4. Geometrisch en oriëntaliserend (800-650). Uit deze periodes, die vooral door het aardewerk onderverdeeld zijn, dagtekent het stadje Lato met de oudste vorm van een agora. De tempel in Drerus, waar gehamerde bronzen beelden van de delische trias Leto, Apollo en Artemis gevonden zijn, vertoont op cultusgebied interessante, archaïsche kenmerken. In Prinias zijn twee archaïsche tempels (ca. 650 vC) gevonden, waarvan de ene versierd was met een fries van ruiters en met twee Uttende figuren.

5. In de archaïsche periode (650-500) werd op K. vooral het brons (beeldjes, reliëfs, schilden en helmen) bewerkt. Een goede indruk van de kretenzische maatschappij in deze tijd krijgen we uit het stadsrecht van Gortyn.

6. In de klassieke eeuwen (5e en 4e) ligt K. excentrisch en heeft door zijn primitieve samenleving weinig contacten met de griekse wereld: het neemt geen deel aan de strijd tegen de Perzen en evenmin sluiten de steden zich aan bij de atheense of peloponnesische bond.

7. In de hellenistische periode ligt K. centraal en strategisch gunstig voor de diadochen; dezen proberen dan ook invloed te krijgen door bondgenootschappen met de steden. Dertig steden sloten zich omstreeks 340 vC aaneen tot een bond (κοινὸν τῶν Κρηταίεων). De bevolking deed vaak dienst als huurling, vooral als boogschutter. Vooral piraterij nam in deze tijd toe, totdat het eiland in 67 vC onderworpen werd door Caecilius Metellus (8), die daaraan zijn bijnaam Creticus te danken had. Ten tijde van Augustus werd K. met de Cyrenaica verbonden tot de provincie Creta et Cyrenaica, waarvan Gortyn de hoofdstad was. Van een vroege christengemeente getuigt de brief van Paulus aan Titus, aan wie de organisatie van de kerk op K. was toevertrouwd. [J. A. de Waele]
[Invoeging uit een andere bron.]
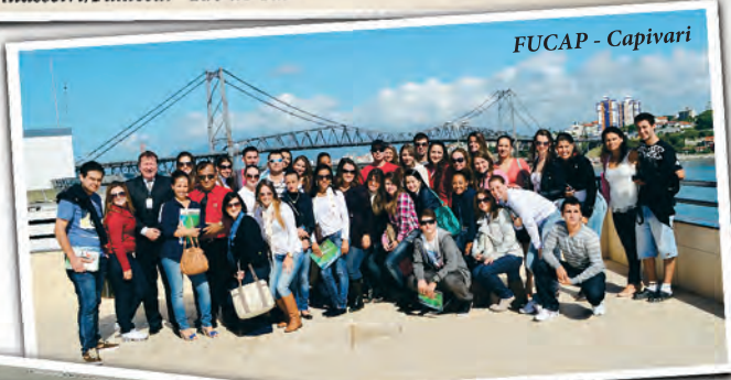
FUCAP - Capivari
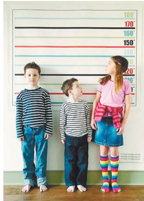
нейджърките се гордеят с ръст 177-178 см, който може да ги вкара в мечтаната от тях листа на манекенките. Но и при

Преобладаващата част от българите са средни на ръст - около 175 см за мъжете и 165 см за жените. Т.е. българите значително са пораснали от времето на Великото преселение на народите, когато според историческите справки са описвани като хора със среден ръст около 160 см. Съвременният типаж за България е не много як, висок 180-190 см с изразен мускулен релеф. При съвременните българки за разлика от често срещания нисичък закръглен тип предимно на средна възраст, младите момичета са по-често издължени, по-високи и по-фини от майките си. Ти-
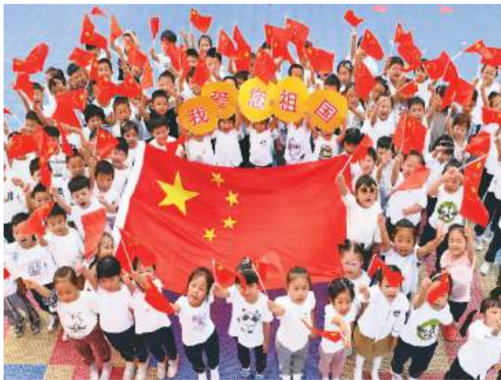
近日，河北省邯郸市丛台区北斗童星幼儿园的孩子们举行“我和国旗合个影”主题活动，表达对伟大祖国的热爱和美好祝福。
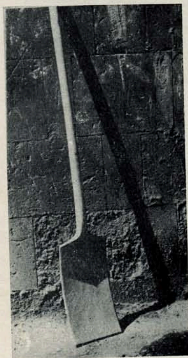
Թի—կալ շրջելու և շեղ Էրնէլու գործիք:
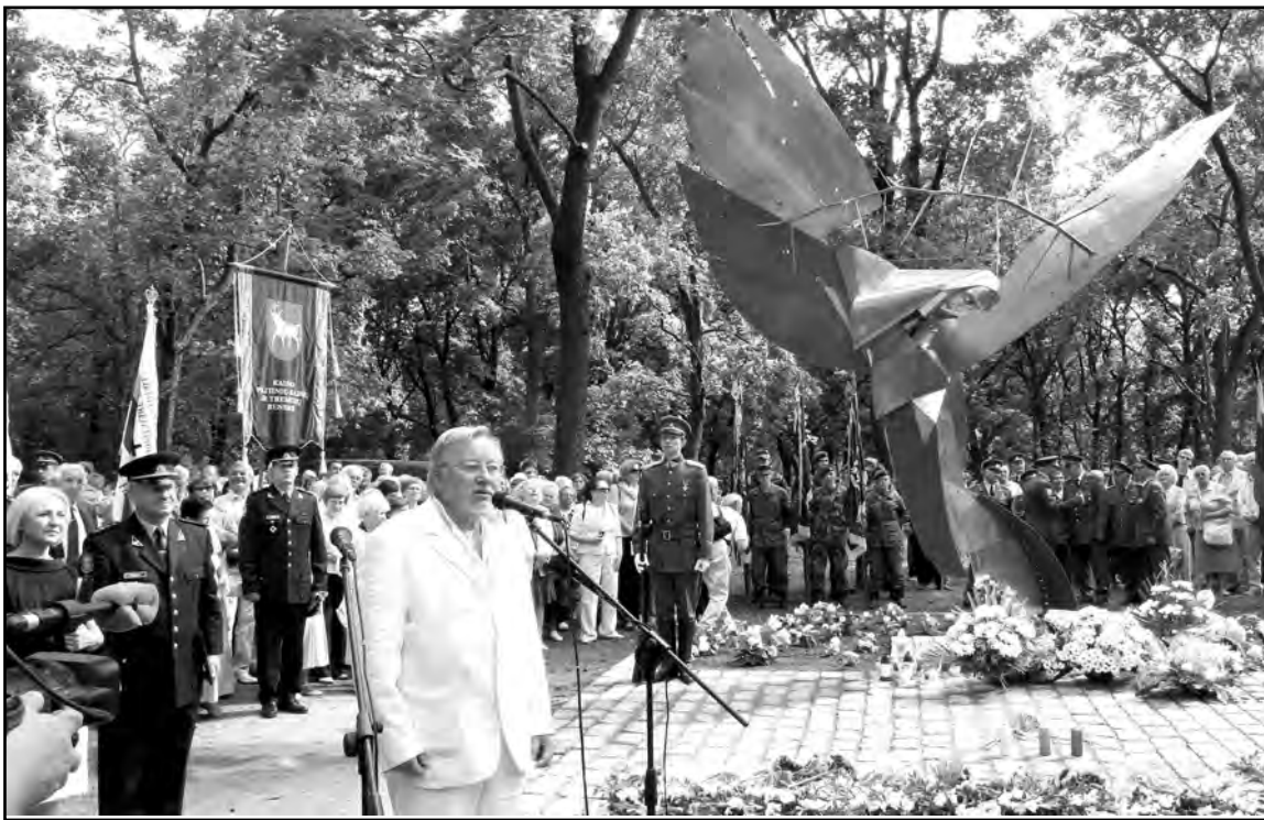
Kalba profesorius Vytautas Landsbergis.

(III) Betrekkingen tussen K. en Egypte. Egyptische voorwerpen of de afbeeldingen ervan die op K. gevonden werden, en omgekeerd, bewijzen onweerlegbaar het bestaan van relaties tussen beide landen. Op het synchronisme met de beiderzijds inheemse gedateerde voorwerpen steunde overigens aanvankelijk de chronologische indeling van de geschiedenis van K., die dan ook grotendeels parallel loopt met die van het Nijldal. Over de juiste aard van deze betrekkingen is evenwel nog geen eensgezindheid bereikt. Het voorkomen op K. van egyptisch vaatwerk uit hardsteen heeft men wel beschouwd als een bewijs voor het bestaan van betrekkingen tijdens het Oude Rijk en zelfs sinds de predynastische periode. Men is nu eerder geneigd de invoer van deze voorwerpen niet vóór het einde van het Oude Rijk (6e dynastie) en het begin van de Eerste Tussenperiode (2263 vC) te plaatsen. De egyptische modellen werden daarna door de Kretenzers nagebootst. De invoer hoeft niet rechtstreeks vanuit Egypte gebeurd te zijn, maar kan door tussenkomst van Syrië hebben plaats gehad. Deze toestand, waarbij ook de invoer kwam van kretenzische vazen in Egypte, kan zich onder het Middel-Rijk en de Hyksosperiode (1730-1580) bestendigd hebben. De invloed van aegeïsche siermotieven op egyptische juwelen en de verspreiding op K. van de egyptische fresco- en faiencetechniek sluiten evenwel voor deze tijd nauwere en zelfs directe relaties niet uit.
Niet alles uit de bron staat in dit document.